Yes, and DM already has some handling for the bdi_write_congested() code. The
problem I see now is that only the DM core knows about this congestion info.
When it gets called on its congested_fn routine, the DM core simply looks at
each consumed lower-level device and calls bdi_congested() for that device
and combines the return codes. But I believe a lot of the congestion is being
caused by the private queues within the snapshot module, which the DM core
knows nothing about. So it seems like we'll need to add a new call into the
DM sub-modules to allow them to return TRUE if they are experiencing any
internal congestion, and combine that info with the return codes from the
lower-level devices.

Or perhaps a slightly simpler idea would be to just add an atomic counter to
the DM-device private-data to keep a count of the number of dm_io structures
currently allocated for that device, and return TRUE on the congested_fn call
when it gets above some value. This is simpler from a code standpoint, since
it means the DM core can still handle all the congestion stuff without
involving the sub-modules. But on the other hand, for simple dm-linear
devices that are effectively just a pass-through-with-offset, it seems kinda
silly to impose such an arbitrary limit when the lower-level device's
congested_fn routine would adequately handle notifying pdflush when it's
congested.

> That will help a lot. But there are probably still ways to trip it up:
> say, a tremendous direct-io write() of highmem pages, which will bypass all
> the above pagecache stuff.
>
> However the direct-io code itself has explicit throttling of the number of
> requests which it will put into flight, so an exploit would probably have
> to use a lot of processes operating concurrently.

If so, wouldn't that be equally true for any device, and not just DM devices?

> > So eventually we get into a state where nearly all LowMem is used up,
> > because all of these data structures are being allocated from kernel
> > memory (hence you see very little HighMem usage).
>
> It would be better if dm could use highmem pages for this operation.

What's the appropriate mechanism for telling the kernel to use highmem for
these structures? Each of these slabs (dm_io and dm_tio) are created with
kmem_cache_create(), and I don't see any corresponding flags in slab.h that
mention anything about highmem. Items are allocated from this slab through
mempool_alloc() with GFP_NOIO, since we're in the middle of processing I/O
requests and don't want to start new I/O in order to get memory. Would it be
proper to call mempool_alloc(pool, GFP_NOIO|__GFP_HIGHMEM)?
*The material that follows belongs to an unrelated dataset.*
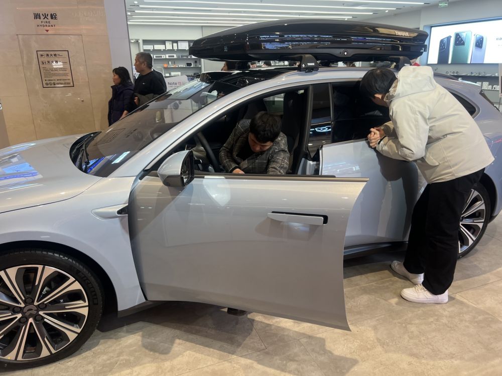 在安徽合肥萬象城購物中心,顧客體驗一款新能源汽車(2024年2月11日攝)。新華社發(楊元元 攝)

> > So, if my understanding of pdflush is correct (someone please correct me
> > if my explaination above is wrong), we need to be doing some sort of
> > throttling in the snapshot code when we reach a certain number of
> > internally queued bios. Such a throttling mechanism would not be
> > difficult to add. Just add a per-snapshot counter for the total number of
> > bios that are currently waiting for chunks to be copied. If this number
> > goes over some limit, simply block the thread until the number goes back
> > below the limit.
>
> Yes, I suspect that something like this will be needed. It probably needs
> to be a global limit, seeing that the resource which is being managed (ie:
> memory) is a global thing.
>
> A very easy way of doing that, which for some reason surely will turn out
> to be insufficient :( is to just use a semaphore. Initialise the semaphore
> to (say) 1000 and do a down() when a bio is allocated and do an up() when a
> bio is freed. voila: a max of 1000 bios in flight. Adjust the initial
> value of the semaphore according to the amount of lowmem in the machine.
>
> Calculate the amount of lowmem via
>
> si_meminfo(&x);
> return x.totalram - x.totalhigh;

I would hope that if we get DM's congested_fn routine working correctly (as
discussed above), then the semaphore idea ought to be unnecessary. Agreed? Do
you think the "congestion" limit should still be based on the amount of
lowmem? Some percentage of lowmem? And if so, what would be a reasonable
value?

Thanks for the tips!

--
Kevin Corry
[email protected]
http://evms.sourceforge.net/

2005-01-13 22:37:03

by Andrew Morton

[permalink] [raw]
Subject: Re: [Evms-devel] dm snapshot problem

Kevin Corry <[email protected]> wrote:
>
> > Some throttling is needed, yes. The ideal way to do that would be to
> > arrange for a top-level bdi_write_congested() to return true. Mechanisms
> > are present to pass this call down through the I/O stack.
>
> Yes, and DM already has some handling for the bdi_write_congested() code. The
> problem I see now is that only the DM core knows about this congestion info.
> When it gets called on its congested_fn routine, the DM core simply looks at
> each consumed lower-level device and calls bdi_congested() for that device
> and combines the return codes. But I believe a lot of the congestion is being
> caused by the private queues within the snapshot module, which the DM core
> knows nothing about. So it seems like we'll need to add a new call into the
> DM sub-modules to allow them to return TRUE if they are experiencing any
> internal congestion, and combine that info with the return codes from the
> lower-level devices.

Yes, that's the design intent. Pass the call down the stack and across the
devices.

> ...
> >
> > However the direct-io code itself has explicit throttling of the number of
> > requests which it will put into flight, so an exploit would probably have
> > to use a lot of processes operating concurrently.
>
> If so, wouldn't that be equally true for any device, and not just DM devices?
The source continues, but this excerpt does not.